The White Peacock by D. H. Lawrence (1911)

D. H. Lawrence’s first novel went through three rewrites over five years before being published by Heinemann in 1911 as The White Peacock, having had the working title Laetitia after the narrator’s sister. That narrator is Cyril Beardsall but the landscape is the better character and the damage the industrial revolution was having on Nethermere/Eastwood. There are plenty of Notts references.  

Be a good animal, true to your instincts. (from The White Peacock

Born in 1911, William Golding is perhaps best-known for his 1954 novel Lord of the Flies, widely studied in many a Notts school.
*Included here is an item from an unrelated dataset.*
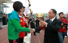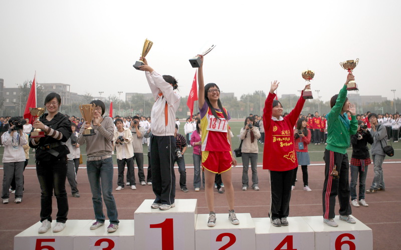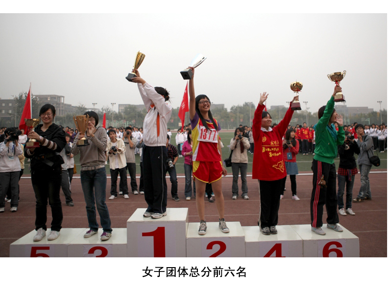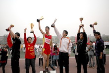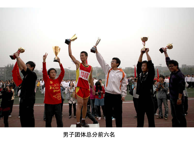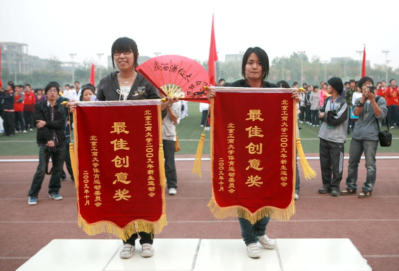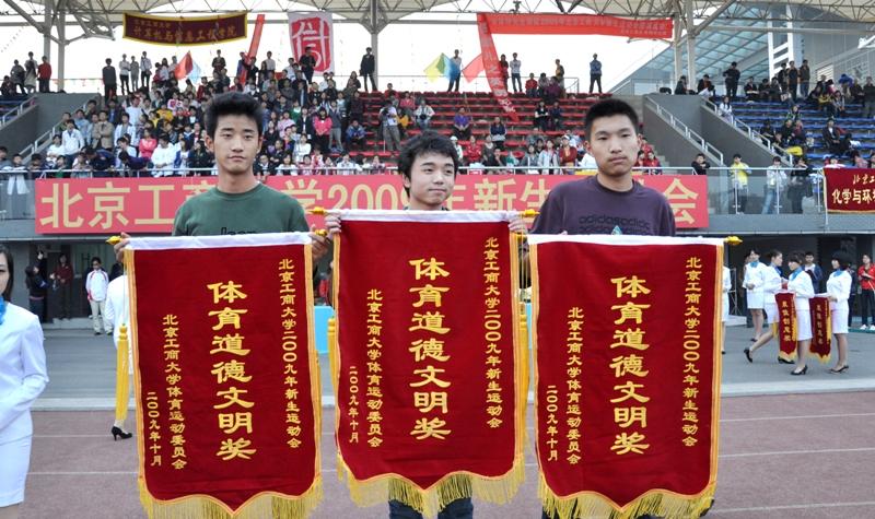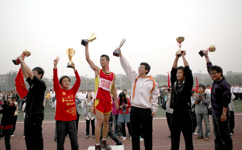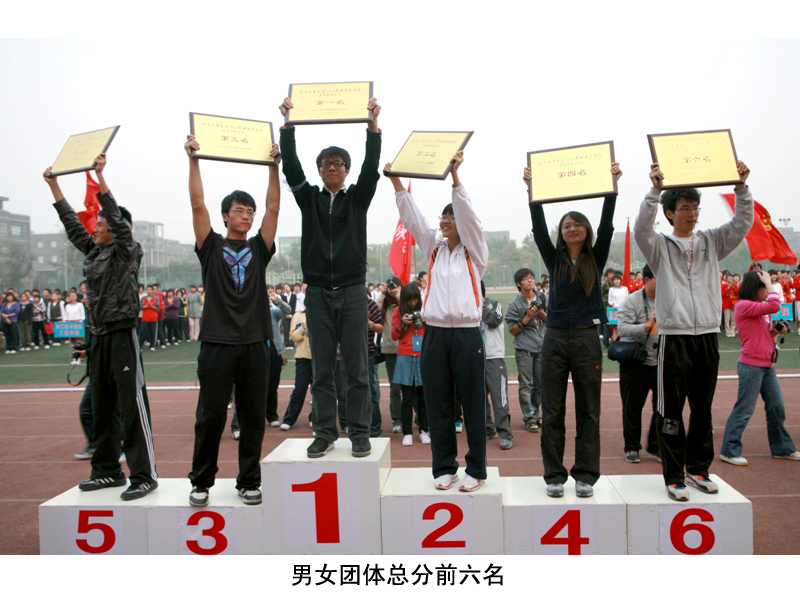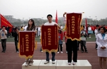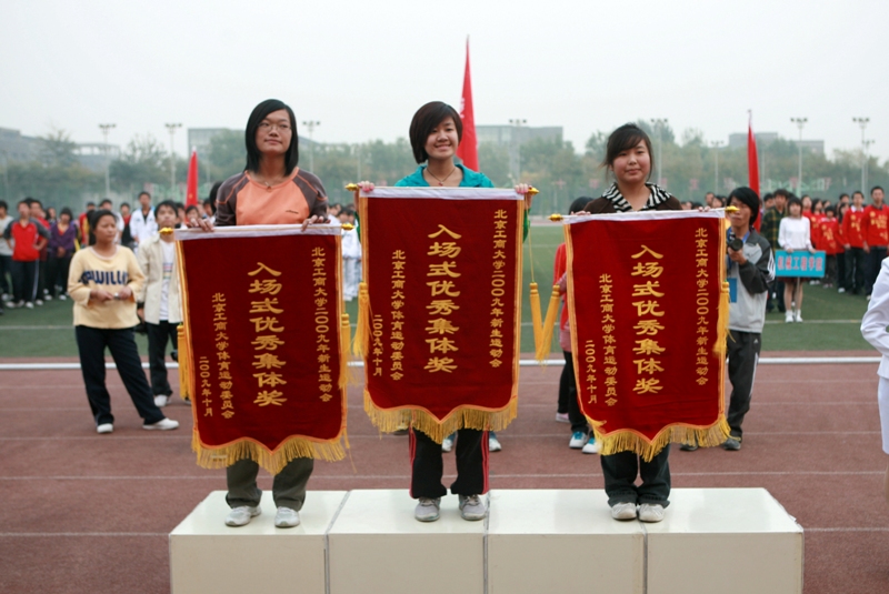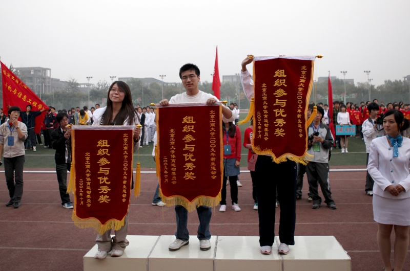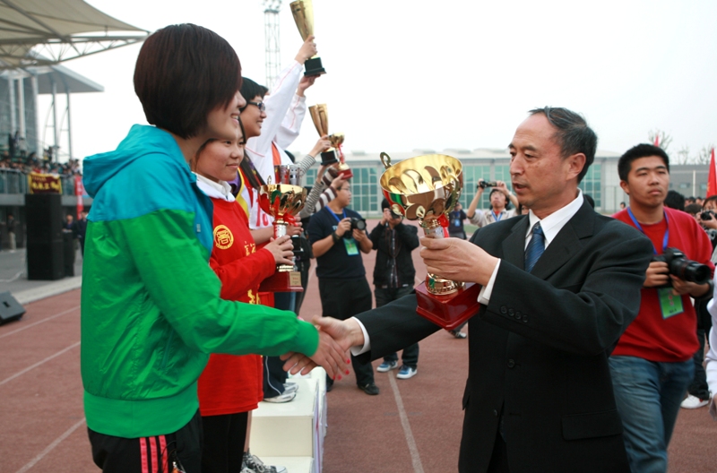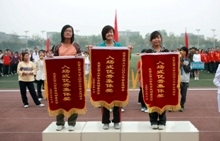 運動員列好了整齊的隊伍;獎杯、獎牌、錦旗等待著他們的主人;觀眾們也熱切地期待著比賽結果。下午4:30,我校良鄉校區的操場上,新生運動會閉幕式準時舉行。黨委副書記盧思鋒和各職能部門及院系負責人出席閉幕式。校辦主任吉濤主持閉幕式。 體育教學部王少華老師宣讀了女子團體總分、男子團體總分、男女團體總分前六名的院系。女子團體總分前六名分別是:嘉華學院、計算機與信息工程學院、經濟學院、商學院、化學與環境工程學院、藝術與傳媒學院。男子團體成績前六名是:計算機與信息工程學院、嘉華學院、商學院、機械學院、法學院、經濟學院。男女團體總分前六名是:計算機與信息工程學院、嘉華學院、商學院、經濟學院、機械學院、藝術與傳媒學院。 黨委宣傳部副部長袁小年宣讀了本次運動會集體獎獲獎名單。經濟學院、材料科學與工程系、外語學院獲體育道德文明獎;計算機與信息工程學院、商學院獲得最佳創意獎;化學與環境工程學院、研究生部、嘉華學院獲得組織參與優秀獎;機械工程學院、藝術與傳媒學院、法學院獲得入場式優秀獎。由經濟學院組成的紅旗方隊也受到了表揚。 隨著比賽結果的公布,觀眾席上的鼓聲、鑼聲、歡呼聲此起彼伏,在這片歡呼聲中,黨委副書記盧思鋒為取得女子團體總分前六名、男子團體總分前六名、男女團體前六名的院系頒獎。黨委宣傳部副部長袁小年為獲得體育道德文明獎的院系頒獎。體育與藝術教學部主任顧紅為獲得最佳創意獎的院系頒獎。保衛處處長頓勁松為獲得組織參與優秀獎的院系頒獎。團委書記呂良為獲得入場式優秀獎的院系頒獎。 黨委副書記盧思鋒在講話中,對本次新生運動會的圓滿成功表示祝賀,同時對為運動會的順利舉辦付出努力的各部門人員表示感謝。最后,他宣布2009年新生運動會勝利閉幕。

Exploring the savage side of human nature Lord of the Flies follows a group of adolescent boys stranded on a deserted island.

University of Nottingham Professor Paul Crawford is the author of Politics and History in William Golding: the world turned upside down (2002). This book provides a politicised and historical reading of William Golding’s novels as a counter to previous, universalising criticism.